# New puppy having seizures



## Shelby (Mar 4, 2013)

Hello all! I am desperate for some advice as my heart is breaking. My husband and I drove five hours three weeks ago to pick up our new little v girl Shelby. When we went to the breeder she was the last one left. She was 9 weeks and had her first set of shots at 8 by them. The breeder informed us that the second round of shots is being studied in v's becaus they cause seizures And I should consider waiting till third round is due.. I thought this was a little strange but told them I would research it. So our little Shelby was home for a week and she had a seizure. She foamed at the mouth and had tremors did not lose her stole or urine. I then took her to vet and they did blood work and everything cam back fine but she did have a nasty case of ear mites. He said just watch her and document if it happens again. Five days later the same thing. Now today which is four days later she had two grand mal seizures and I ran her to vet where they kept her for the day for observation. He is going to check for a liver shunt and said that was our best case scenario because she is so young. I contacted breeder via email when all this started and it takes a few days to respond with pretty short replys that they have breed dogs for 12 years and haven't heard of this. I now called three times today and left messages as I am a nervous wreck. I wonder if she had this condition before and that's why they advised me against round 2. I am devestated and going to pick her up from vet in a few hours and need some advice.. Sorry if this is rambling, I waited so long to get a v and did so much research on breed and now I have had her three weeks and its heart breaking.


----------



## Rudy (Oct 12, 2012)

Shelby my heart goes out to you :-[

but I smell a rat in the Breeder 

Sounds like a flat out moron

and a dumper no calls back to me 

Have your Vet check the pups liver enzymes as well

if there real high

it could be a chemical or worse

Hugs and any help I can

Rud Dog

and You can share that breeder with me Via PM

Will talk some fun"" 

For you ;D


----------



## Főnix (Feb 3, 2013)

Shelby, I'm so sorry, how worried you must be. I don't have experience with seizures, but I'm sure other members will. I hope the vet has good news for you when you go back to pick her up.
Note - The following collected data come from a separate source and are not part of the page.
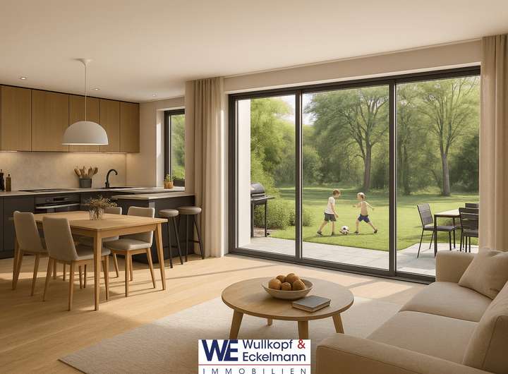 Im Erdgeschoss erwartet Sie ein großzügiger Eingangsbereich mit Platz für eine Garderobe, ein stilvolles Gäste-Duschbad sowie der offen gestaltete Wohn- und Essbereich mit integriertem Küchenbereich. Große Fensterflächen sorgen für ein lichtdurchflutetes Ambiente und schaffen einen harmonischen Übergang zu der Gartenterrasse und dem Garten, der an ein Naturschutzgebiet angrenzt.
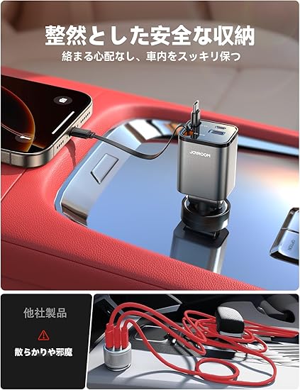 【巻き取り式・2本USB-C】JOYROOM 車載充電器 巻き取り式充電ケーブル 車 シガーソケット 69W【4台同時充電・超コンパクト設計】 カーチャージャー 急速充電 12V/24V対応 iPhone/Android対応 a
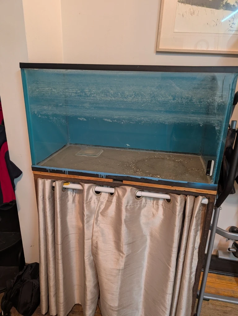 5Selling a used fish tank with a stand. The tank shows some signs of use, as seen in the pictures. It's a great setup for someone looking to start or upgrade their aquarium!

I think I remember that SteelCityDozer has a pup with seizures, you might want to send him a message and see if he has some advice to offer.
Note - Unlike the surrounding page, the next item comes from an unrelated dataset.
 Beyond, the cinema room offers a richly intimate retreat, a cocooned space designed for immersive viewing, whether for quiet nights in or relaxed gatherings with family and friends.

Hope everything works out for little Shelby.


----------



## DaveD (Oct 6, 2012)

Poor Shelby.

I, as a new V puppy owner, can feel your hurt.

First thing, document it and have your vet take diligent notes as well.

Second, how closely have you watched her? Is there any pattern to her seizures? Same time of day? Could she be eating something in or outside of the house that causes them? 

I would consider all possibilities before I jumped to the conclusion that vaccinations are the cause. Im sure that you'll find all kinds of Tom Foolery on the internet pointing fingers at the vaccines; its probably not that. 

I had a dog that suffered from seizures every now and then. He lived a very long and happy life.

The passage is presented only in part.